铜催化的电化学C-H氟化反应
Copper-Catalyzed Electrochemical C-H Fluorination.
作者信息
Hintz Heather, Bower Jamey, Tang Jinghua, LaLama Matthew, Sevov Christo, Zhang Shiyu
机构信息
Department of Chemistry and Biochemistry, The Ohio State University, Columbus, OH, 43210, United States.
出版信息
Chem Catal. 2023 Jan 19;3(1). doi: 10.1016/j.checat.2022.100491. Epub 2023 Jan 9.
Abstract
We report the systematic development of an electrooxidative methodology that translates stoichiometric C-H fluorination reactivity of an isolable Cu fluoride complex into a catalytic process.

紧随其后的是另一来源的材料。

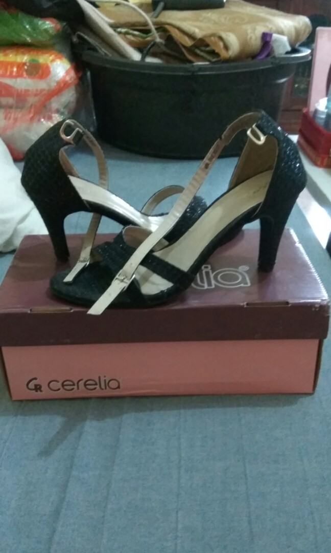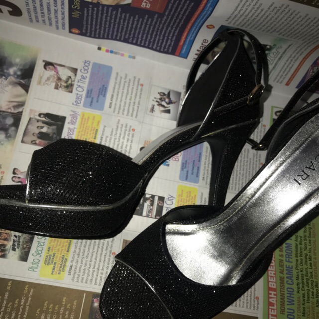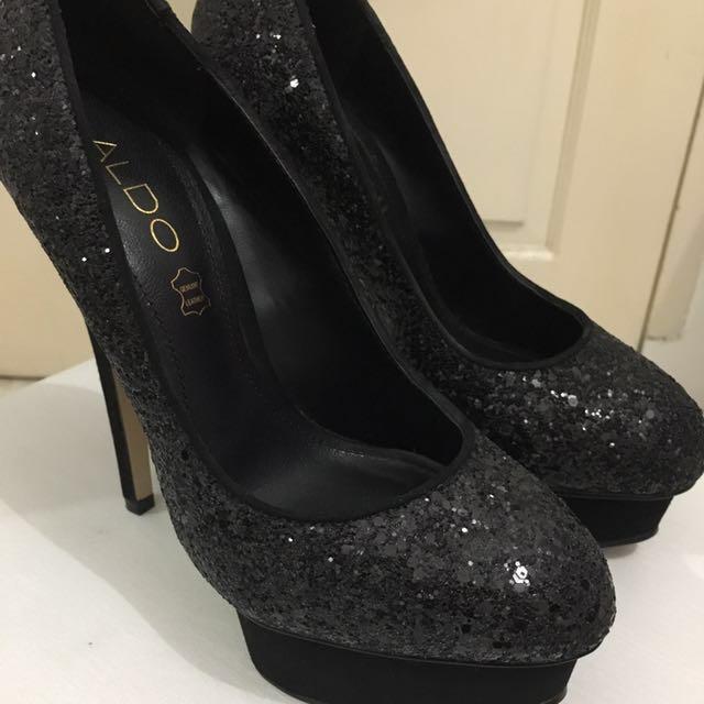 black glitter heels

The critical challenges of electrocatalysis with a highly reactive Cu species were addressed by the judicious selection of electrolyte, F source, and sacrificial electron acceptor. Catalyst-controlled C-H fluorination occurs with a preference for hydridic C-H bonds with high bond dissociation energies over weaker but less hydridic C-H bonds. The selectivity is driven by an oxidative asynchronous proton-coupled elelctron transfer (PCET) at an electrophilic Cu-F complex. We further demonstrate that the asynchronicity factor of hydrogen atom transfer can be used as a guideline to rationalize the selectivity of C-H fluorination.
摘要
我们报道了一种电氧化方法的系统开发,该方法将可分离的氟化铜配合物的化学计量C-H氟化反应性转化为催化过程。通过明智地选择电解质、氟源和牺牲电子受体,解决了使用高活性铜物种进行电催化的关键挑战。催化剂控制的C-H氟化反应优先发生在具有高键解离能的氢化C-H键上,而不是较弱但氢化程度较低的C-H键上。这种选择性是由亲电Cu-F配合物处的氧化异步质子耦合电子转移(PCET)驱动的。我们进一步证明,氢原子转移的异步性因子可作为合理化C-H氟化选择性的指导原则。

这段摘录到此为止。